Didier Burkhalter et Vladimir Poutine, le 7 mai 2014, à Moscou.

Quelques observations succinctes sur la rencontre intervenue hier entre le président de la Fédération de Russie, Vladimir Poutine, et celui de la Confédération suisse et président en exercice de l’OSCE [1], Didier Burkhalter :

 1. L’accord cadre mis au point, traçant les grandes lignes d’une feuille de route pour l’organisation d’une désescalade en Ukraine, comporte quatre dispositions principales : l’instauration d’un cessez-le feu, la désescalade militaire (retrait des troupes et désarmement de tous les groupes armés illégaux), l’ouverture d’un dialogue pour la réconciliation nationale et l’organisation de nouvelles élections. La balle est manifestement dans le camp de Kiev. Toute nouvelle tentative de réprimer par la force le mouvement de contestation qui se développe dans le sud-est du pays refermera définitivement cette porte étroite vers une possible issue à la crise.

 2. La demande du report des référendums prévus à Donetsk et à Louhansk est un acte de bonne volonté du président Poutine. Compte tenu de l’état d’esprit et des sentiments de la population, il est peu probable que ces référendums soient annulés. Les habitants de ces régions sont impatients de disposer de moyens légaux sur lesquels s’appuyer pour se débarrasser de l’autorité et des décisions arbitraires du régime de Kiev. Soit dit en passant, de tels développements ôteraient tout crédit aux slogans des Occidentaux, accusant Poutine de manipuler les mouvements de protestation du sud-est de l’Ukraine.

 3. Le président russe a une nouvelle fois souligné que « les responsables de la crise sont à chercher du côté de ceux qui ont organisé le coup d’État à Kiev, et qui, à ce jour, ne se sont pas souciés de désarmer les groupes de fanatiques des nationalistes et de l’extrême droite » [2]. Autrement dit, ni l’engagement du dialogue pour la réconciliation, ni aucune élection ne pourront être organisés tant que ces groupes n’auront pas été désarmés.

 4. Il a également souligné que le projet d’une nouvelle constitution pour l’Ukraine devrait être discuté dans le cadre du dialogue de réconciliation nationale, et, bien sûr, préalablement à toute élection.

 5. La situation sur le terrain donne à penser que la mise en œuvre de cette feuille de route ne nécessiterait pas moins de six mois, et requerrait la participation de Victor Ianoukovytch, le président constitutionnel de l’Ukraine.

Cette occasion unique, inespérée, est la dernière qui puisse permettre de préserver l’existence d’un État fédéral ukrainien rassemblé.
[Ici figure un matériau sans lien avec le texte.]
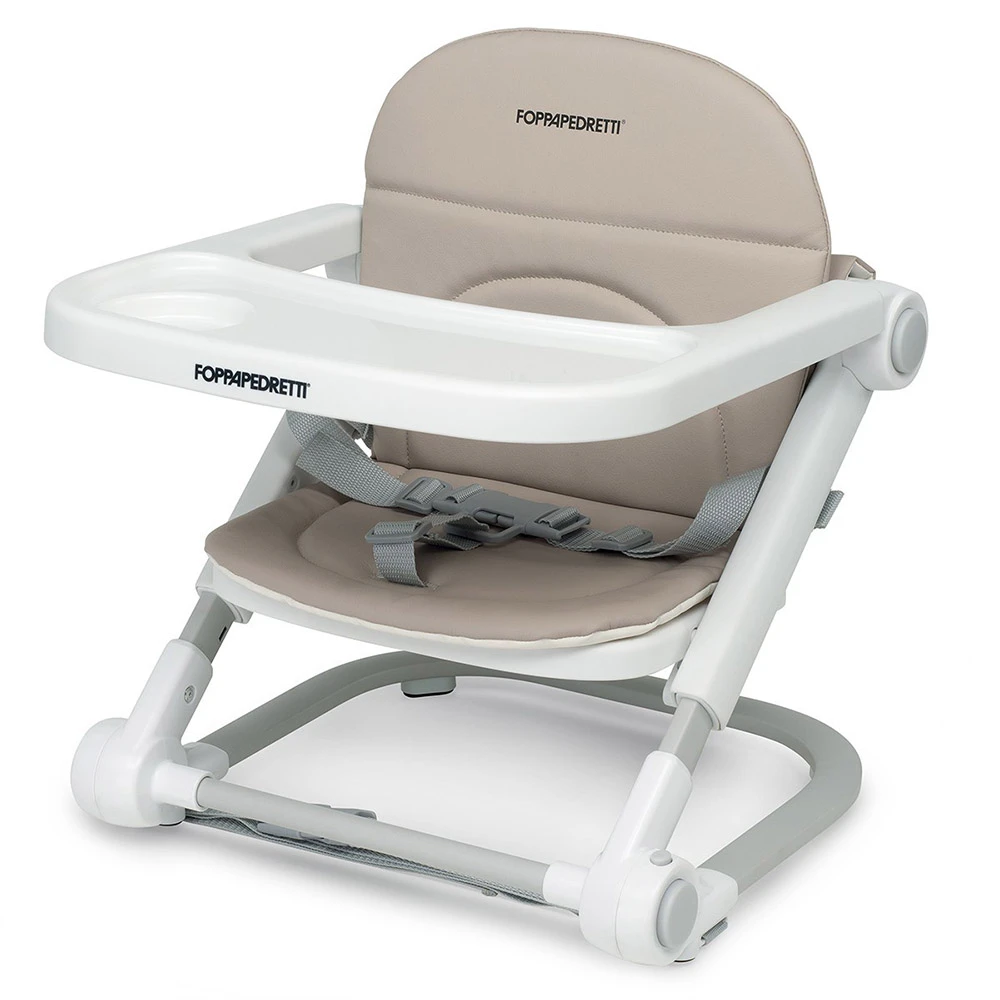 Foppapedretti Alzasedia Lift Seggiolone Pieghevole con Seduta Imbottita max 15kg di Foppapedretti è comodo alzasedia sicuro, utilizzabile con o senza vassoio, progettato per quando i bambini imparano a stare seduti da soli e fino ai 3 anni circa. Lift è il seggiolino pieghevole che si aggancia a vari tipi di sedia grazie alle pratiche cinghie incluse. Puoi utilizzarlo a casa con al ristorante, si fissa facilmente e rimane stabilmente attaccato alla sedia, inoltre quando ritirato occupa poco spazio d’ingombro. Il vassoio e la seduta sono regolabili in multi posizioni. La morbida imbottitura in tessuto effetto pelle è removibile e lavabile.

Quand on considère les intérêts très conflictuels des puissances internationales qui exercent leur emprise sur l’actuelle administration de Kiev, on réalise que l’espoir de maintenir ouverte la porte des négociations, pendant une aussi longue période, est une gageure. L’espoir sera sans doute la dernière des victimes de cette crise interminable.

Traduction
Gérard Jeannesson
Source
Oriental Review (Russie)

[1L’OSCE (Organisation pour la Sécurité et la Coopération en Europe) est l’héritière des accords d’Helsinki. Elle maintient un dialogue permanent entre tous les États membres de l’Otan et ceux de l’ex-Union soviétique.

[2Press point by Vladimir Putin”, by Vladimir Putin, Voltaire Network, 7 May 2014.